Thursday, April 21, 2011

Unit Plan

I understand the purpose of the Unit Plan; to learn how to collaborate well with other teachers in designing lesson plans and to think outside the box- incorporate material from other subjects into my content area. I have to say those two responsibilities cannot be completed by researching facts and data. The unit plan needs direction, coordination and a lot, a lot, a lot, a lot, a lot of drafting, revising, and reviewing! Let me start from the beginning.
     After launching a topic idea that dipped into Spanish, earth science, and social studies we were getting lost in space. We outlined topics for our three lessons and we felt like we were making progress.

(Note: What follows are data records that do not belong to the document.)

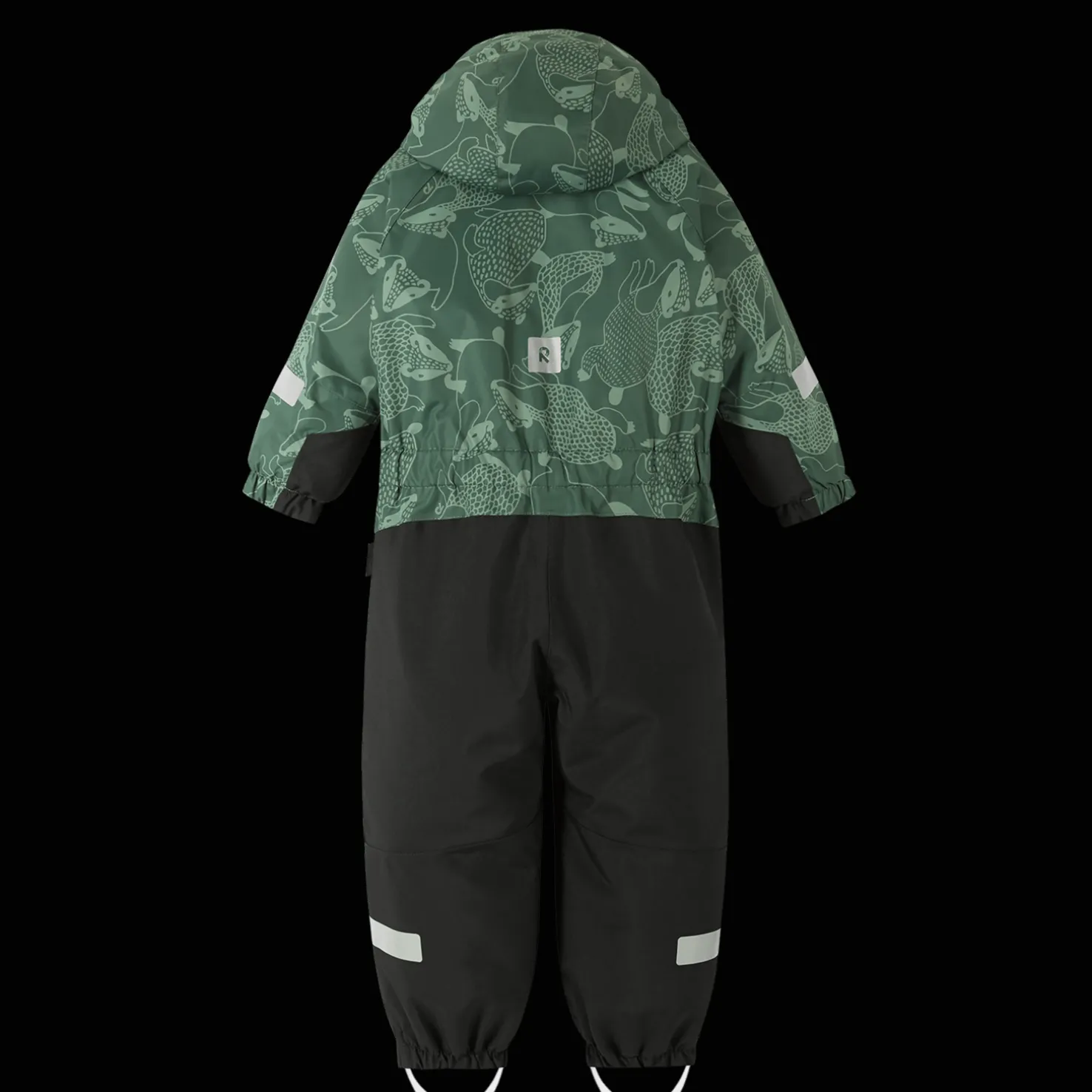 Huppu on irrotettava ja painonapit irtoavat helposti, jos se juuttuu johonkin. Irrotettavat silikoniset jalkalenkit, jotka on helppo kiinnittää kengän alle niin, että haalari pysyy paikallaan.
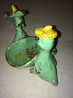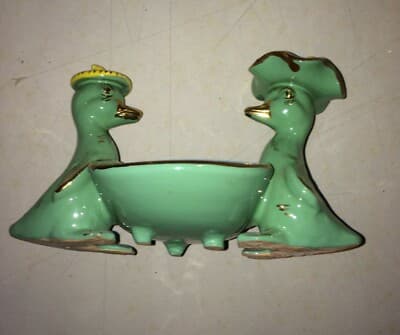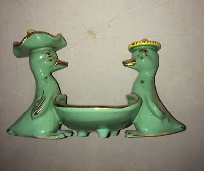 Soprammobile In Ceramica Con Figure Di Paperi E Cestino Svuotatasche
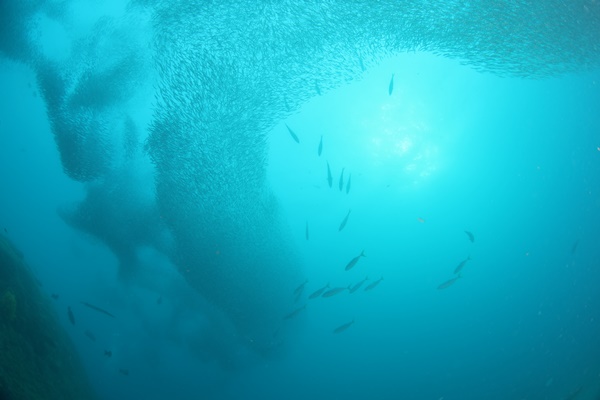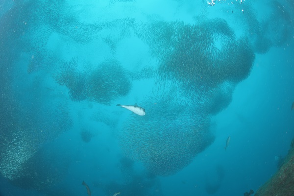 回遊魚のハンティングに逃げまどうキビナゴの群れが圧巻でした! |
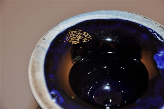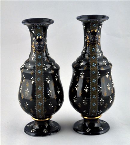 PAIRE DE VASES "CARAFES TÊTES DE LION" en faïence, à décor de gouttes d'émail opaque blanches formant des hermines sur fond bleu nuit et de rehauts d'or à motifs de rinceaux et d'hermines agrémentés de gouttes d'émail opaque turquoise (un petit éclat sur chaque piédouche).
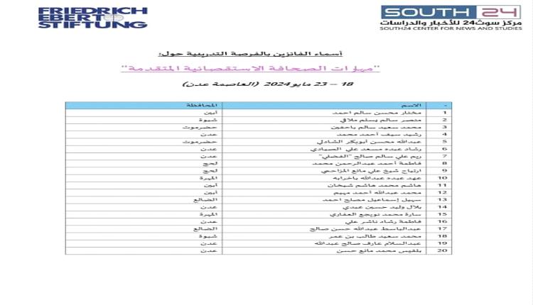 أسماء الفائزين بالورشة التدريبية النوعية "مهارات الصحافة الاستقصائية المتقدمة"
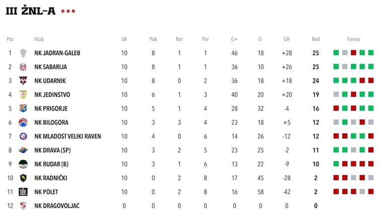 A na stranicama Hrvatskog nogometnog saveza na ljestvici koju predvodi upravo Jadran-Galeb nema loga ovog hrvatskog kluba.
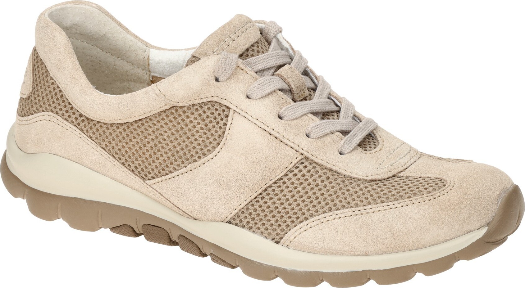 Gabor Rollingsoft Keilsneaker, Freizeitschuh, Halbschuh, Schnürschuh mit Logoschriftzug (beige)
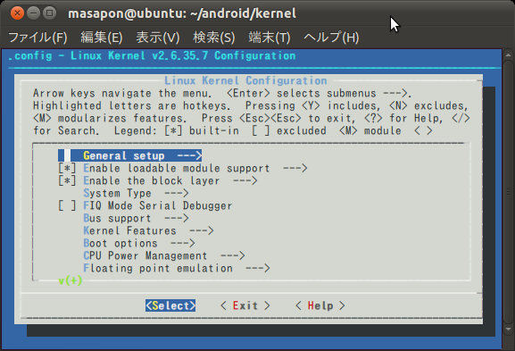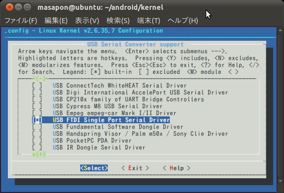 masapon@ubuntu:~/android/kernel$ make ARCH=arm CROSS_COMPILE=arm-none-eabi- menuconfig[Device Drivers]⇒[USB support]⇒[USB Serial Converter support]⇒[USB FTDI Single Port Serial Driver]

Nonetheless, the lessons, because three teachers were adding to it, got out of hand. They were too general, and encompassed tons of activities that would never have fit within a days class. We regrouped and narrowed our focus.We switched lesson plans and designed technology-based activities. (Not easy to say the least). We regained our course and saw the light at the end of the tunnel.
However, creating this unit plan would have been a lot easier to do it by myself. Every time I wanted to change a aspect of the lesson I had to find out from my other partners if it was okay to do. Sometimes I would change a piece of a lesson and it would confuse them. Sometimes someone else would change a piece of the lesson and it would confuse me. We always had to have committees about what task each person was going to do. In the beginning we did not write down and assign tasks. It made it very difficult to make progress. We were counter-productive. We learned our lesson and directly stated each teachers role in the unit plan. Things from then on have been a smooth ride. I have learned various things from this lesson; be direct, write down everything, and be patient!

2 comments:

  1. Would it have been any different if you had skyped while working on it or had some other outside communication? Hopefully if you were working on a collaborative unit with teachers in your school you would see them every day and be able to touch base more often.

    ReplyDelete
  2. This assignment definitely had the tendency to get hectic because of coordination issues or just general disagreements on what should be included in the lesson or how it should be stated. The thing about cross-disciplinary lessons is usually each teacher still has autonomy with the creation and implementation of the lesson. We did not have that in this case. We had to try to change the way we write lessons to suite other subject areas, because social studies lessons and science lessons are not framed the same way. History is all about debate and questioning so I can definitely see where things could have gotten tricky.